START Data for processing

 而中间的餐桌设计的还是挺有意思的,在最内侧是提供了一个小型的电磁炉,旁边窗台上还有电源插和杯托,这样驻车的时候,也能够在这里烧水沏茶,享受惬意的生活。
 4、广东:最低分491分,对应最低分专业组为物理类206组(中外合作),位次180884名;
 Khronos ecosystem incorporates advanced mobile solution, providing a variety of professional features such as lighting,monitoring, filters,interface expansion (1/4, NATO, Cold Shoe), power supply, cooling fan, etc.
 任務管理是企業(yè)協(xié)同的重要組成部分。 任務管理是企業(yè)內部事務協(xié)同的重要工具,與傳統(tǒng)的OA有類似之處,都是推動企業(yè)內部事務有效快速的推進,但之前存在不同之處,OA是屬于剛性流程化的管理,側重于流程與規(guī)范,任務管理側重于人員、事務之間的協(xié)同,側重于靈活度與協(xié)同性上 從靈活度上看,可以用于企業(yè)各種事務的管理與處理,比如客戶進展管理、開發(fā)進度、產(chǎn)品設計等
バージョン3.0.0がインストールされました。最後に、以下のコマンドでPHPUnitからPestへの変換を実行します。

END Data for processing
START Data for processing

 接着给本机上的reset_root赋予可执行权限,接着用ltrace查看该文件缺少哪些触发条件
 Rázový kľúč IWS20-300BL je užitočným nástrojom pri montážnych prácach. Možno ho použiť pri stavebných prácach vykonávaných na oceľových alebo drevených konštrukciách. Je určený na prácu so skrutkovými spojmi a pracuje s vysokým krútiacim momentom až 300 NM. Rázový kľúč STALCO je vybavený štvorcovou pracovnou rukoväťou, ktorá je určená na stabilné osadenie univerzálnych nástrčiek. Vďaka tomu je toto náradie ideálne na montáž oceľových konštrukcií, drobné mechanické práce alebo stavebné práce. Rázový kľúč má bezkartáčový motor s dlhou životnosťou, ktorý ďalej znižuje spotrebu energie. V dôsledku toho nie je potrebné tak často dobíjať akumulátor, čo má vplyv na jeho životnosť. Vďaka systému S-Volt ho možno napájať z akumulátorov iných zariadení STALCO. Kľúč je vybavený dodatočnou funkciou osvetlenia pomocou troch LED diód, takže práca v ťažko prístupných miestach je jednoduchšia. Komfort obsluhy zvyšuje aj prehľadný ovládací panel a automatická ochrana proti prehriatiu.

END Data for processing

* Work item
Write down exactly the span of lines above from the one containing "而中间的餐桌设计的还是挺有意" to the one containing "Khronos ecosystem incorporates", both ends included.

* Answer to the exercise
 而中间的餐桌设计的还是挺有意思的,在最内侧是提供了一个小型的电磁炉,旁边窗台上还有电源插和杯托,这样驻车的时候,也能够在这里烧水沏茶,享受惬意的生活。
 4、广东:最低分491分,对应最低分专业组为物理类206组(中外合作),位次180884名;
 Khronos ecosystem incorporates advanced mobile solution, providing a variety of professional features such as lighting,monitoring, filters,interface expansion (1/4, NATO, Cold Shoe), power supply, cooling fan, etc.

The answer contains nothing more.